An LR parser (left-to-right, rightmost derivation in reverse) reads input text from left to right without backing up (this is true for most parsers), and produces a rightmost derivation in reverse: it does a bottom-up parse – not a top-down LL parse or ad-hoc parse. The name "LR" is often followed by a numeric qualifier, as in "LR(1)" or sometimes "LR(k)". To avoid backtracking or guessing, the LR parser is allowed to peek ahead at k lookahead input symbols before deciding how to parse earlier symbols. Typically k is 1 and is not mentioned. The name "LR" is often preceded by other qualifiers, as in "SLR" and "LALR". The "LR(k)" notation for a grammar was suggested by Knuth to stand for "translatable from left to right with bound k."
LR parsers are deterministic; they produce a single correct parse without guesswork or backtracking, in linear time. This is ideal for computer languages, but LR parsers are not suited for human languages which need more flexible but inevitably slower methods. Some methods which can parse arbitrary context-free languages (e.g., Cocke–Younger–Kasami, Earley, GLR) have worst-case performance of O(n3) time. Other methods which backtrack or yield multiple parses may even take exponential time when they guess badly.

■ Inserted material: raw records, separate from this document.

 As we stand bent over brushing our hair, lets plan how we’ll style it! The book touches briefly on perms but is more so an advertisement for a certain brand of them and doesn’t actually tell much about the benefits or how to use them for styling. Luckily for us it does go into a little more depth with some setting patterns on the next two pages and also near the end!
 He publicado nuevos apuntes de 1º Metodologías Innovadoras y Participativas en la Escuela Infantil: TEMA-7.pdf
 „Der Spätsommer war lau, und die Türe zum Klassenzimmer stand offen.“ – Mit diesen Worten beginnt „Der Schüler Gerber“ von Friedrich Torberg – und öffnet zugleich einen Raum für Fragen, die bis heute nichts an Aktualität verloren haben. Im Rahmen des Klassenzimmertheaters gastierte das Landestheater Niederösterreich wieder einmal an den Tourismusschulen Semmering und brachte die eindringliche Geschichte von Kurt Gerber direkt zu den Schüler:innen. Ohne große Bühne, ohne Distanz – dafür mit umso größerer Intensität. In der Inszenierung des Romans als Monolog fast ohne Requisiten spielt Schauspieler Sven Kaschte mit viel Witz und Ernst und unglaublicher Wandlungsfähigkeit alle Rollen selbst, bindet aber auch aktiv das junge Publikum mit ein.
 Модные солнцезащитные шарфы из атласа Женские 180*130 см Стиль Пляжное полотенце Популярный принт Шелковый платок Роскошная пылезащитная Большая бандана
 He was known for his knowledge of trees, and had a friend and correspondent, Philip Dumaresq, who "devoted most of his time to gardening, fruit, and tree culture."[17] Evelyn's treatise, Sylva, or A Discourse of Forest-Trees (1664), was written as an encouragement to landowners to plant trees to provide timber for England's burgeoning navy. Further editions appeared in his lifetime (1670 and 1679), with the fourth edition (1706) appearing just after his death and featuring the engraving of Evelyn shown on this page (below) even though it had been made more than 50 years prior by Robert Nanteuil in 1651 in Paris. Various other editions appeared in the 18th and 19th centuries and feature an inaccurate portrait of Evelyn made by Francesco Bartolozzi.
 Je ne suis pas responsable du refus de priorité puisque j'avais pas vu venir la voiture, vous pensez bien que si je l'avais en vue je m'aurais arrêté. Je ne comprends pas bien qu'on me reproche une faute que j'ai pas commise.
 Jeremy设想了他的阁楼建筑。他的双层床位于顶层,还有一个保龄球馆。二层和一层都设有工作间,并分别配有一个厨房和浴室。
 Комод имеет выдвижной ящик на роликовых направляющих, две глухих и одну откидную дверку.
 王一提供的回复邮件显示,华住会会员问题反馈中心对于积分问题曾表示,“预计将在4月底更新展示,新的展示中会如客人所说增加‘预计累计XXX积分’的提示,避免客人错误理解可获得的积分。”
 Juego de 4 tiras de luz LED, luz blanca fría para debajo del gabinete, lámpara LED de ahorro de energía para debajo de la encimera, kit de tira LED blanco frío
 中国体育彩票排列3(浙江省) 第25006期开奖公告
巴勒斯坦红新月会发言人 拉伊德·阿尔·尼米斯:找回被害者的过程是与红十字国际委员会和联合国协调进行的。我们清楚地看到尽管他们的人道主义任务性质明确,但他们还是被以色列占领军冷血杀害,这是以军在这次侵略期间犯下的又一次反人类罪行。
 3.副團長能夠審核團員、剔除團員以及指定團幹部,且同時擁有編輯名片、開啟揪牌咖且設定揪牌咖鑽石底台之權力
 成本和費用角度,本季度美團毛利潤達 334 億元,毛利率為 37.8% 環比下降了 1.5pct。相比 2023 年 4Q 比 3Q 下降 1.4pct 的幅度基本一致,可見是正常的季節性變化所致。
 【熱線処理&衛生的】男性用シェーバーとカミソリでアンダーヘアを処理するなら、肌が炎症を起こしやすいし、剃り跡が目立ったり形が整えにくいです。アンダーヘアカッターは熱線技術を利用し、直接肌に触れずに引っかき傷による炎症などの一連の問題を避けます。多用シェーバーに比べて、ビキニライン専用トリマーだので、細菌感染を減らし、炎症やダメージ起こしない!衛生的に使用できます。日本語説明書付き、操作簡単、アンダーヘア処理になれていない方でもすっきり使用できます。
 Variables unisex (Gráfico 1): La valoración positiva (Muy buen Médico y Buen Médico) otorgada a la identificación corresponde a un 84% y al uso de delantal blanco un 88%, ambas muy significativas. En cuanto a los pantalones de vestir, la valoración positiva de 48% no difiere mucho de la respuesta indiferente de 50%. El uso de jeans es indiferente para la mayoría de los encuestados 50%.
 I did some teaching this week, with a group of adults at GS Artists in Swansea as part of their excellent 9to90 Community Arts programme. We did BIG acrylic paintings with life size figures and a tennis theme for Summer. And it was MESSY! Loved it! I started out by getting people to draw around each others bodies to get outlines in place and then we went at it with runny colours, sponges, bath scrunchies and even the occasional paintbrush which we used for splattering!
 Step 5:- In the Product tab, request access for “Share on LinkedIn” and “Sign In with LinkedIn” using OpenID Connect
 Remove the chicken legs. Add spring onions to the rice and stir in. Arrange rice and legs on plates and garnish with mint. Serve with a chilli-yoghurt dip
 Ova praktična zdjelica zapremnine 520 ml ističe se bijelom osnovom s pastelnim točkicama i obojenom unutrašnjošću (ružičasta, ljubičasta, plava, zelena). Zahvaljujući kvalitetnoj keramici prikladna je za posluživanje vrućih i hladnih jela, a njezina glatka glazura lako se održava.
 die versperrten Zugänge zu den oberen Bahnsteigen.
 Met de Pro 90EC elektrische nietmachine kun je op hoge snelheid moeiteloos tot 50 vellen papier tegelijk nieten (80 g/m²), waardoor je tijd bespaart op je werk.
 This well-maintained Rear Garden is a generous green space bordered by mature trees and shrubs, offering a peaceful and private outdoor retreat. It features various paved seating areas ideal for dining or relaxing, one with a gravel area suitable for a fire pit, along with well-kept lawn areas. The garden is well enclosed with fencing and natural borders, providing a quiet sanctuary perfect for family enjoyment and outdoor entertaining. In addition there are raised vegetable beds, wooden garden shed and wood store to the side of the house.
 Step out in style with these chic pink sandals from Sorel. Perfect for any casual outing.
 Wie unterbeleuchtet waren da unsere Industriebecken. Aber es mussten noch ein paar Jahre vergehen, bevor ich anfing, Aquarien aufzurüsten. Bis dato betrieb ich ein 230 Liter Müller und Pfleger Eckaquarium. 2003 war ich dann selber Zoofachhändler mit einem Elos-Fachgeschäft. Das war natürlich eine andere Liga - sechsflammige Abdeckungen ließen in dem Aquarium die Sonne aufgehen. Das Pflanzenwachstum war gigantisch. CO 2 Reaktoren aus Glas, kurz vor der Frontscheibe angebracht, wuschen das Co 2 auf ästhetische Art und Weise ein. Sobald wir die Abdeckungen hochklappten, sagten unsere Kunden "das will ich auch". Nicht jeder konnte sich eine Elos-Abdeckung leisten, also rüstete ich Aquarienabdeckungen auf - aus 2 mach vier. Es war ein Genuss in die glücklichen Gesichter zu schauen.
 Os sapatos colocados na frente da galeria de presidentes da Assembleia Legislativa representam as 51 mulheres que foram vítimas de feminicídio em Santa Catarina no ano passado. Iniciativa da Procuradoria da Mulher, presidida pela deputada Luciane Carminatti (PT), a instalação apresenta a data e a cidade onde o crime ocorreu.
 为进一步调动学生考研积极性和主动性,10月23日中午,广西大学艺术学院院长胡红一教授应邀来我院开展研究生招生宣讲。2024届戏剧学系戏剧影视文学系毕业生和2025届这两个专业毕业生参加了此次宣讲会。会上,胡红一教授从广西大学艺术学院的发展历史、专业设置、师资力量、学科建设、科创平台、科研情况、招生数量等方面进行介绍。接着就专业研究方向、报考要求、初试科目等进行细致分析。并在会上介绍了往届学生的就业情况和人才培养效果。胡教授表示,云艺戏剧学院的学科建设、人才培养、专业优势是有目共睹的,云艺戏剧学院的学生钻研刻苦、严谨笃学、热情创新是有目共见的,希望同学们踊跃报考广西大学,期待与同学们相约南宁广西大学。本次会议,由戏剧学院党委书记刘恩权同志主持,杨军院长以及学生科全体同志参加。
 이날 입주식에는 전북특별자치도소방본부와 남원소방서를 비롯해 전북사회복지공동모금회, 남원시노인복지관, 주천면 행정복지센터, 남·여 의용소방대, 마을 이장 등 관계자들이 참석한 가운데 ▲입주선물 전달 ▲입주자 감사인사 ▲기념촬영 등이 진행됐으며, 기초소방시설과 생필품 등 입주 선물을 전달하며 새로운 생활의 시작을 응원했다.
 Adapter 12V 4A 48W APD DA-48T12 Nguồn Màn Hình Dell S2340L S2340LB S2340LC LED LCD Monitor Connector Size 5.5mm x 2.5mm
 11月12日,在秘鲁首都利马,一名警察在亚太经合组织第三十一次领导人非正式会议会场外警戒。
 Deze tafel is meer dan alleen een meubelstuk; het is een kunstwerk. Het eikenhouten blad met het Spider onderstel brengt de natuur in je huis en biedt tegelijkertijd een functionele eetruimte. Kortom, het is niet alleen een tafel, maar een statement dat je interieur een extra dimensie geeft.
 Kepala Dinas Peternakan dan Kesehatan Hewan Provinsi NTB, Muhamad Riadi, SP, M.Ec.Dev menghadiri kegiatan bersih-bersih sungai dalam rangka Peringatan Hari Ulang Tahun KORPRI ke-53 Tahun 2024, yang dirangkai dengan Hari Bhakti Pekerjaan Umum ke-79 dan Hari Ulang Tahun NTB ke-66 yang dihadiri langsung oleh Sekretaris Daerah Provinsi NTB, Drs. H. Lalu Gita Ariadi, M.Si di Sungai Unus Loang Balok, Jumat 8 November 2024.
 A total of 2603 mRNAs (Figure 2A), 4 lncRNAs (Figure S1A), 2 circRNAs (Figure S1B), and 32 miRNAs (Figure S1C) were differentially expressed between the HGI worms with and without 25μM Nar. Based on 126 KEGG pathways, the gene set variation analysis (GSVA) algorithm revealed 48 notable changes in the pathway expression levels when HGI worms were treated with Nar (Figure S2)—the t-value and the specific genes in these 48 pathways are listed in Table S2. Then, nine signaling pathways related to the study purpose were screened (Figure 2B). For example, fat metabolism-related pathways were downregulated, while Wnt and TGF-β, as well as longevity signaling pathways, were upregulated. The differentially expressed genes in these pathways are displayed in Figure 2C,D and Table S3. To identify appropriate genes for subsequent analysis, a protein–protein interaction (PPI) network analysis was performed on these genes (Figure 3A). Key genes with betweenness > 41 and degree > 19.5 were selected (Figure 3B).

The above properties of L, R, and k are actually shared by all shift-reduce parsers, including precedence parsers. But by convention, the LR name stands for the form of parsing invented by Donald Knuth, and excludes the earlier, less powerful precedence methods (for example Operator-precedence parser). LR parsers can handle a larger range of languages and grammars than precedence parsers or top-down LL parsing. This is because the LR parser waits until it has seen an entire instance of some grammar pattern before committing to what it has found. An LL parser has to decide or guess what it is seeing much sooner, when it has only seen the leftmost input symbol of that pattern.